Towards 3D Acceleration for low-power Mixture-of-Experts and Multi-Head Attention Spiking Transformers
Boxun Xu, Junyoung Hwang, Pruek Vanna-iampikul, Yuxuan Yin, Sung Kyu Lim, Peng Li
TL;DR
The paper tackles the energy and latency challenges of large-scale spiking transformers that combine Mixture-of-Experts and self-attention by introducing the first dedicated 3D hardware accelerators. It presents two-tier, face-to-face bonded 3D architectures with memory-on-logic and logic-on-logic interconnections to exploit spatial and temporal parallelism, enabling efficient weight reuse across modular spiking experts and attention heads. workload-specific definitions for Spiking MoE and Spiking MHA are provided, along with kernel-fused, dataflow-optimized PE designs and top-tier global buffers to minimize data movement.

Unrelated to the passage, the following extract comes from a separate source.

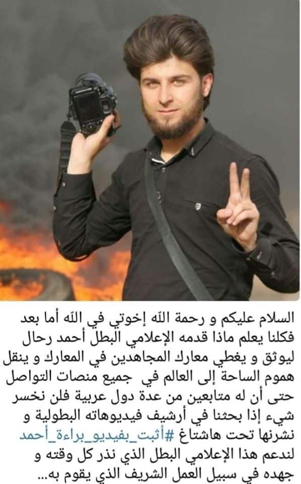 Este valeroso joven, con su carisma, su bondad, su valentía y la convicción de que no hay otra forma de ganar la revolución que no sea con la caída del régimen basharista y todos sus aliados, se sumó en el 2016 a nuestro grupo de colaboradores y corresponsales en Siria. Ahmed no titubeó a la hora de solidarizarse con los socialistas que luchamos junto a las masas sirias en todo el mundo para que su revolución sea triunfante pues vemos en ella lo más avanzado de la clase obrera y entendemos que defendiendo al pueblo pobre sirio hasta el final, es la mejor manera de ponerle un freno a los dueños de este sistema hambreador que vendrá a por todos nosotros a sumergirnos en escenarios iguales o peores a los de Siria, si es que sus negocios así lo requieran.

Evaluations on CIFAR-10/100 show 3D designs achieving up to 39–41% area reductions, 14.4% power savings (MoE), and 15–30% memory-access latency reductions over 2D designs, with higher effective frequencies, demonstrating practical energy-efficient deployment paths for large-scale spiking MoE transformers. Overall, the work establishes a blueprint for scalable, low-power neuromorphic accelerators capable of handling brain-inspired MoE and MHA computations at scale.
Abstract
Spiking Neural Networks(SNNs) provide a brain-inspired and event-driven mechanism that is believed to be critical to unlock energy-efficient deep learning. The mixture-of-experts approach mirrors the parallel distributed processing of nervous systems, introducing conditional computation policies and expanding model capacity without scaling up the number of computational operations. Additionally, spiking mixture-of-experts self-attention mechanisms enhance representation capacity, effectively capturing diverse patterns of entities and dependencies between visual or linguistic tokens. However, there is currently a lack of hardware support for highly parallel distributed processing needed by spiking transformers, which embody a brain-inspired computation. This paper introduces the first 3D hardware architecture and design methodology for Mixture-of-Experts and Multi-Head Attention spiking transformers. By leveraging 3D integration with memory-on-logic and logic-on-logic stacking, we explore such brain-inspired accelerators with spatially stackable circuitry, demonstrating significant optimization of energy efficiency and latency compared to conventional 2D CMOS integration.